Daniel Heryanto
- Full name: Daniel Heryanto Dewandaka
- Country (sports): Indonesia Singapore
- Born: 30 November 1969 (age 55)
- Plays: Right-handed

Singles
- Career record: 4–4 (Davis Cup)
- Highest ranking: No. 301 (15 April 1991)

Doubles
- Career record: 21–6 (Davis Cup)
- Highest ranking: No. 267 (11 March 1991)

Medal record
Representing Indonesia
Southeast Asian Games
| Gold medal – first place | 1989 Kuala Lumpur | Men's doubles |
| Bronze medal – third place | 1989 Kuala Lumpur | Men's team |
Asian Games
| Bronze medal – third place | 1990 Beijing | Men's doubles |
| Bronze medal – third place | 1990 Beijing | Men's team |

= Daniel Heryanto =

Indonesian tennis player

Daniel Heryanto Dewandaka (born 30 November 1969) is an Indonesian-born former professional tennis player who competed in Davis Cup tennis for both Indonesia and Singapore.

Born in 1969, Heryanto competed first for Indonesia and was a doubles gold medalist at the 1989 Southeast Asian Games in Kuala Lumpur, then the following year won two bronze medals at the 1990 Asian Games.

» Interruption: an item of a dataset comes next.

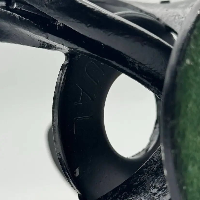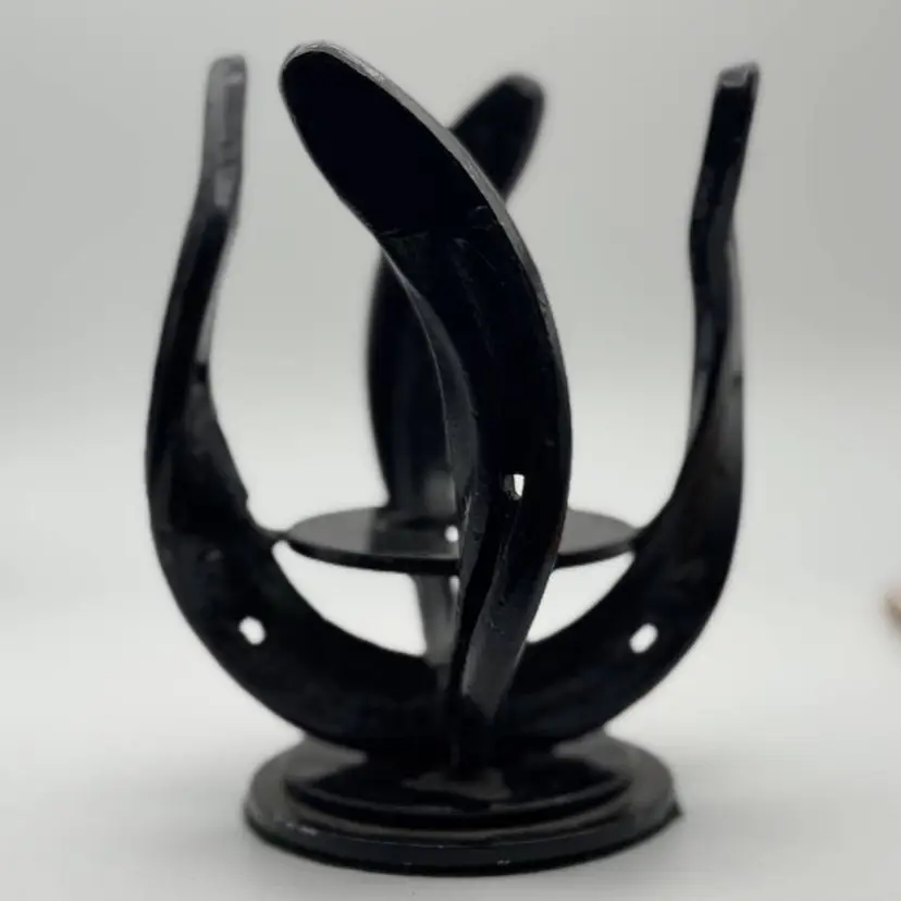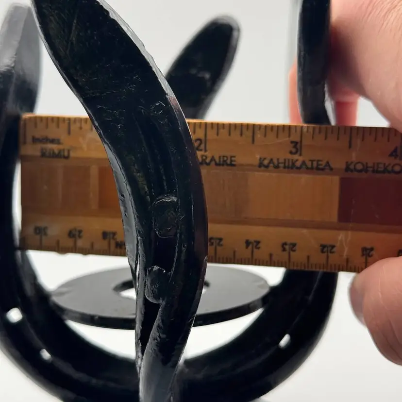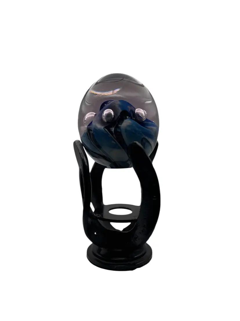 Custom made stand from horseshoes. The smallest diameter is 3" inside so it will hold 3" diameter paperweights, not recommended for >5" paperweights. The cracked Eickholt(listing #43) is pictured sitting on the stand.

He appeared in two Davis Cup ties for Indonesia during his career, against China in 1990 and India in 1991, for a 2/4 overall record.

Heryanto later became a permanent resident of Singapore through his time spent as national coach. Between 2003 and 2011 he featured in a total of 25 ties for the Singapore Davis Cup team primarily as a doubles player, while simultaneously serving as team captain. He won a team record 20 rubbers in doubles.